(Beginning of EXTRACTED MATERIAL)

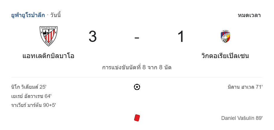 ก่อนหมดเวลา 90+5 บิลเบาปิดเกมด้วยประตูของ ฆาเบียร์ มาร์ตอน จบเกม แอธเลติก บิลเบา เอาชนะ วิคตอเรีย พัลเซ่น 3-1 คว้าชัยสุดมันส์!
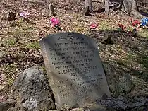 The earliest Euro-American settlers in the DeKalb area arrived in the late 1790s and established the town of Liberty just west of the modern park.[6] Over the years, several families settled in the hollows and valleys of what is now Edgar Evins State Park and adjacent lands that would eventually be inundated by Center Hill Lake. One such settler, Alexander Dunham (1826–1878), whose family arrived in the area in the 1830s, is buried on a hill within the park that overlooks Center Hill Lake. Dunham's son lived near the present site of Center Hill Dam.[7]
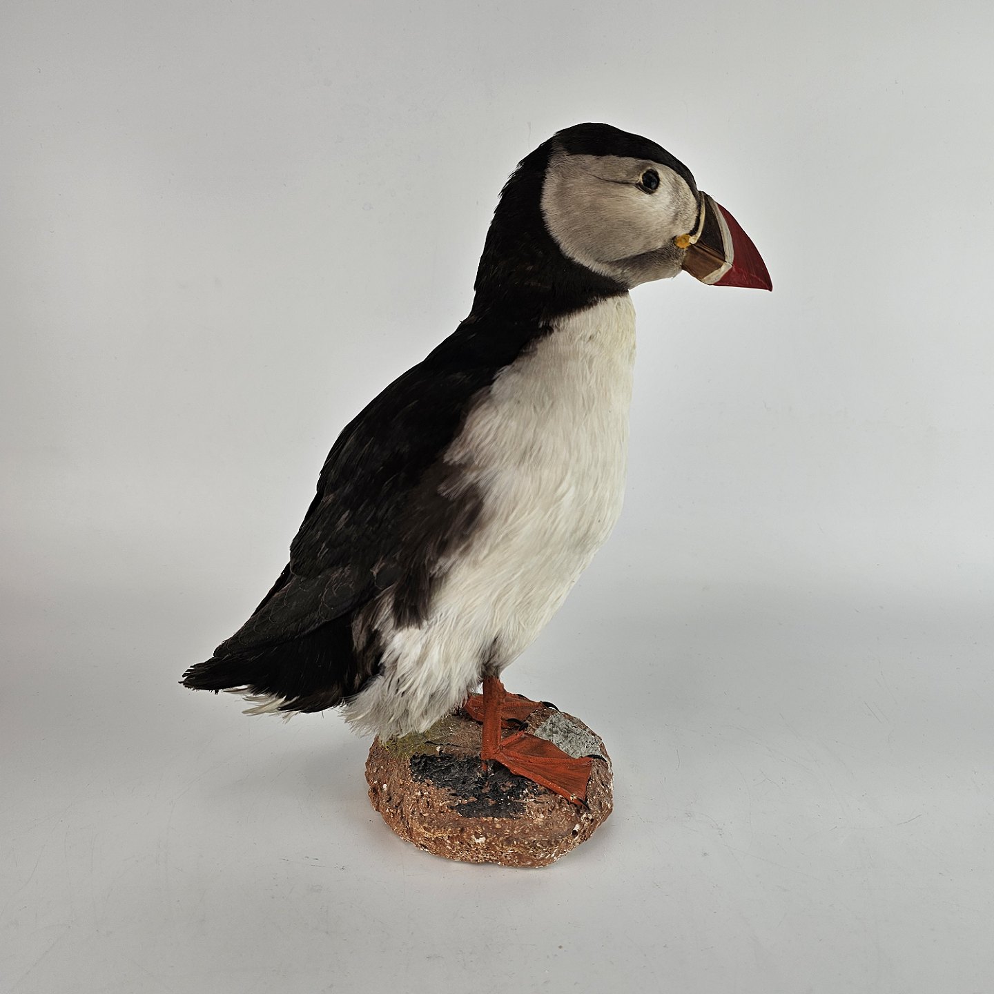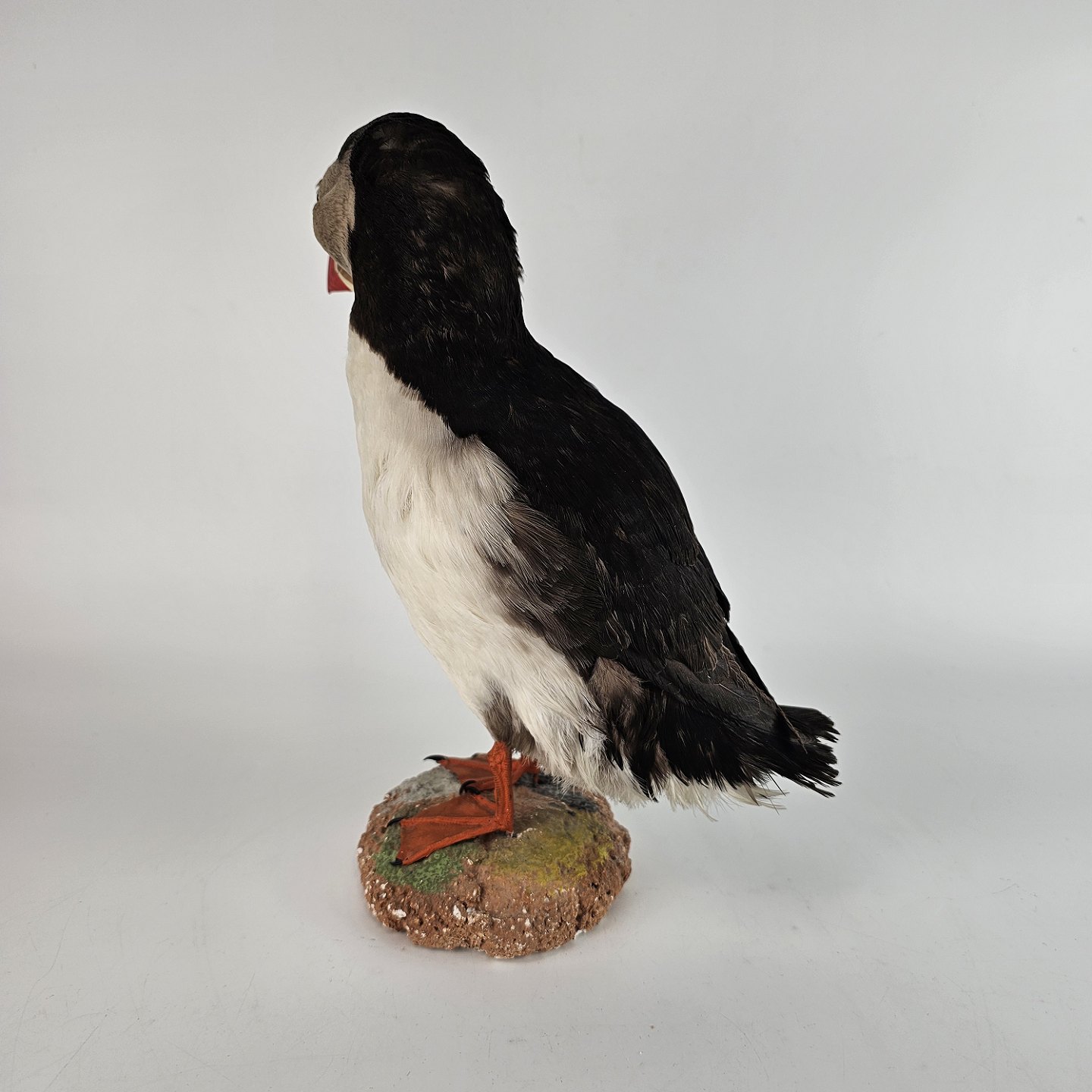 Udstoppet Lunde, kaldet søpapegøje. Fuglen er monteret på fod.
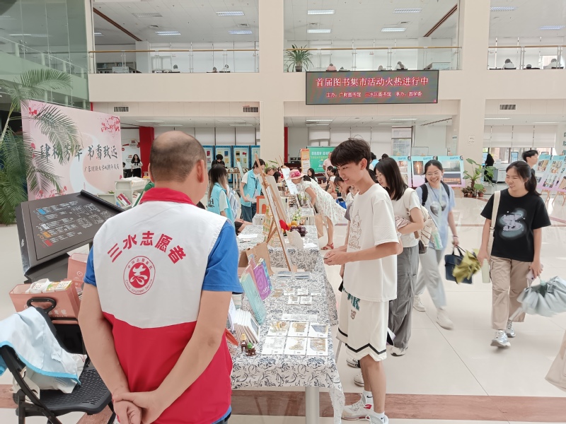 6月11日下午,由我校图书馆与三水区图书馆联合举办的首届“仲夏纳凉寻韵,氤氲书香流转”主题图书集市活动在图书馆m88分馆举行。三水区图书馆胡穗欣馆长、张雷副馆长,三水区青年画家吴迪南、马静、朱小珑、我校图书馆汪倩副馆长,以及100多位师生参加了活动。
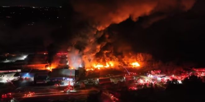 اندلع حريق هائل نتيجة خروج قطار عن مساره في إيست بلاستين بولاية أوهايو الأمريكية.
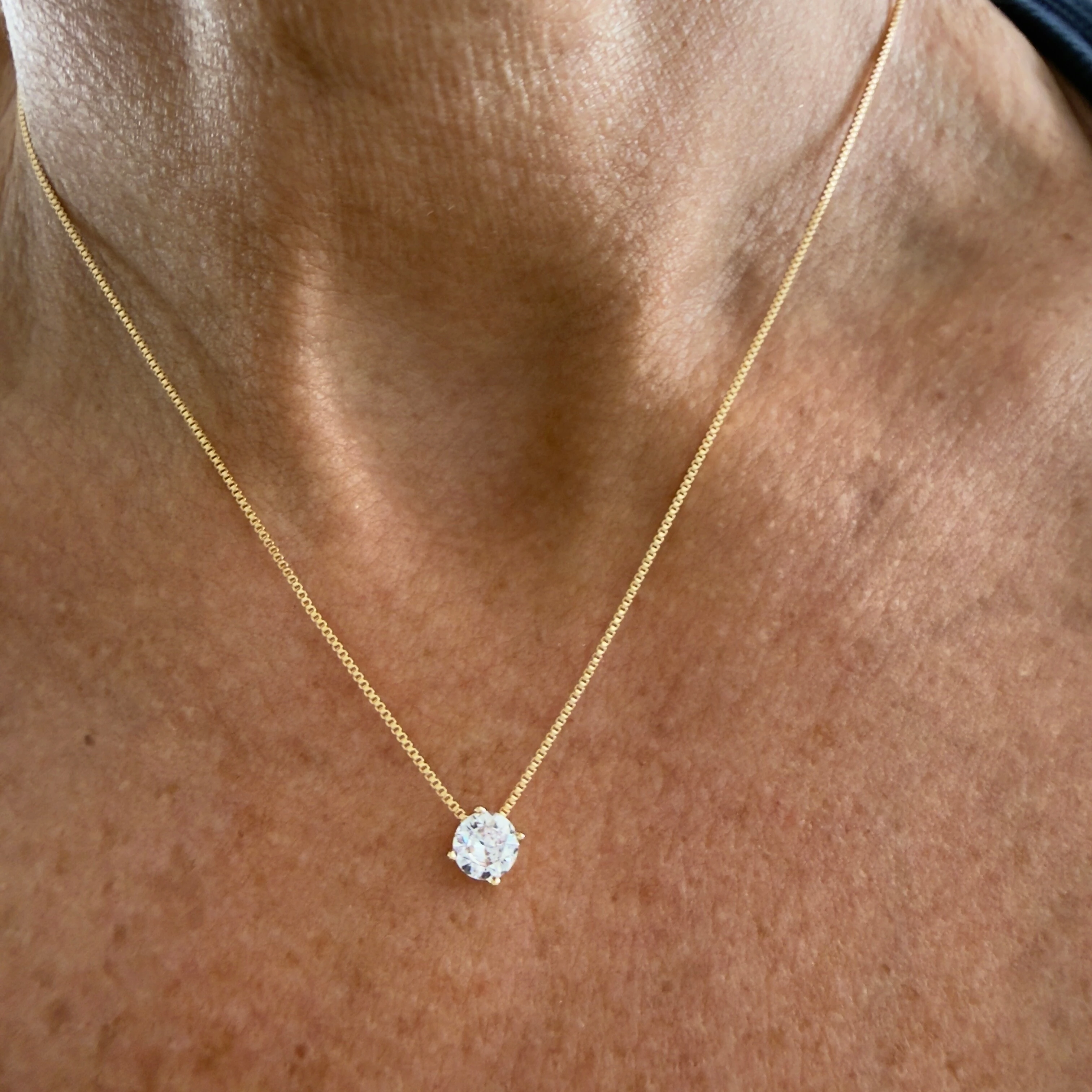 Colar Solitário Zircônia Quadrada em Dourado
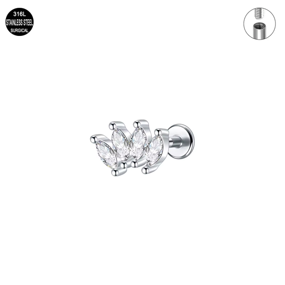 Kolczyk typu labret wykonany ze stali chirurgicznej 316L z 3 kryształami i dekorami. Ozdoba z gwintem wewnętrznym (GW), co znacznie ułatwia przykręcanie nakrętki. Piękny kolczyk do wygojonych kanałów, można sterylizować (+2zł).

(End of EXTRACTED MATERIAL)

Omit the pictures and please write out exactly the lines between the one containing "Udstoppet Lunde, kaldet" and the last line of the entries, both included.

## ANSWER AREA
 Udstoppet Lunde, kaldet søpapegøje. Fuglen er monteret på fod.
 6月11日下午,由我校图书馆与三水区图书馆联合举办的首届“仲夏纳凉寻韵,氤氲书香流转”主题图书集市活动在图书馆m88分馆举行。三水区图书馆胡穗欣馆长、张雷副馆长,三水区青年画家吴迪南、马静、朱小珑、我校图书馆汪倩副馆长,以及100多位师生参加了活动。
 اندلع حريق هائل نتيجة خروج قطار عن مساره في إيست بلاستين بولاية أوهايو الأمريكية.
 Colar Solitário Zircônia Quadrada em Dourado
 Kolczyk typu labret wykonany ze stali chirurgicznej 316L z 3 kryształami i dekorami. Ozdoba z gwintem wewnętrznym (GW), co znacznie ułatwia przykręcanie nakrętki. Piękny kolczyk do wygojonych kanałów, można sterylizować (+2zł).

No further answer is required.